Peter offers us an example of what we might choose to do when we have a strained relationship with someone. He decided to close the gap, then take the risk to come and be vulnerable with the one he had hurt. He sat dripping wet, anxiety etched on his face, unsettled before his beloved Lord. Have you been, or would you see yourself in the future, being able to sit down with someone you care about but have had some difficulties with? In order for God to be at work, each person needs to be genuinely humble and open to hearing what hurt the other. There has to be a readiness to say we are sorry and could have made better choices. And while there is no guarantee of the outcome, the deciding factor is most often this: how full each of them is of Jesus and his love.

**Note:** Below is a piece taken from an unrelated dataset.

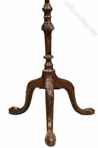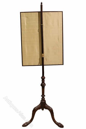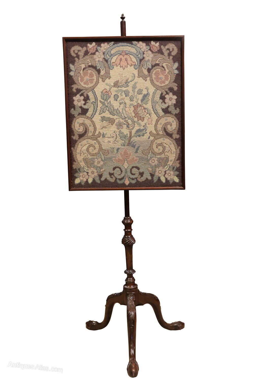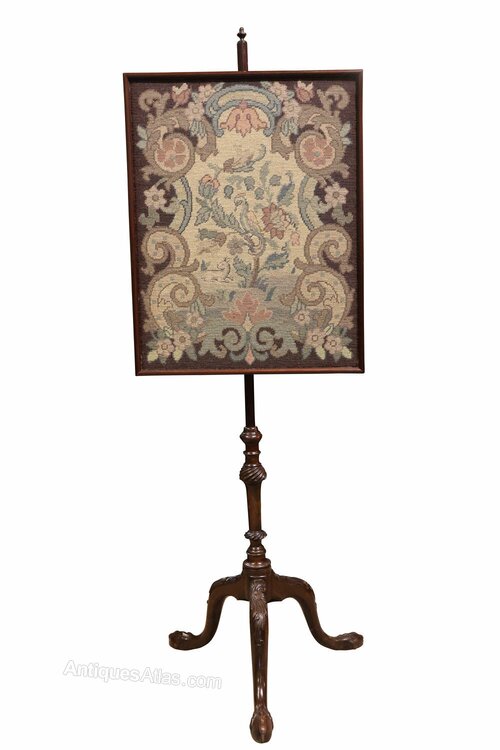 A fine George III Chippendale mahogany pole screen, dating to around 1770, featuring a richly carved tripod base with acanthus detail and elegant ball-and-claw feet. The adjustable screen showcases a later 19th-century needlework panel, beautifully hand-stitched with scrolling foliage, floral motifs, and a central bird design in soft muted tones.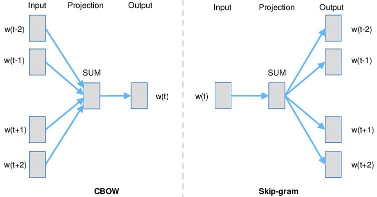 其中CBOW是采用词的上下文来预测该词,而Skip-gram则是采用词来预测其上下文。两者网络结构相似,通常所得到的词向量效果相差不大;但对于大型语料,Skip-gram要优于CBOW。

Jesus went to the cross to show us the fullness of the Father’s love and he rose from the dead to show us His indisputable power over all things. Jesus then gave to his followers at the time, and us his church today, the gift of his own Holy Spirit. We have the Father’s love and His power at work in us. Nothing is too hard for us with Christ living in us. Do you believe that? You and I are anchored deeply in God. Whatever this world may harshly blast at us, we know we will remain secure. What makes that anchor and its chain hold is not us - it is Jesus’ power and his agape love. It’s so strong and real and protective that nothing will ever sever it. No setback we might experience, however painful. No dark night when we blow it and feel remorse. Nothing will ever separate us from Jesus. He wanted Peter to know that, and us as well. Jesus’ love will seek us and find us, no matter where we are, and He’ll draw us to himself. Then he’ll rise and be on his way, and entrust us to be His church, just as he did long ago with Peter and the other disciples. Thanks be to God! Amen.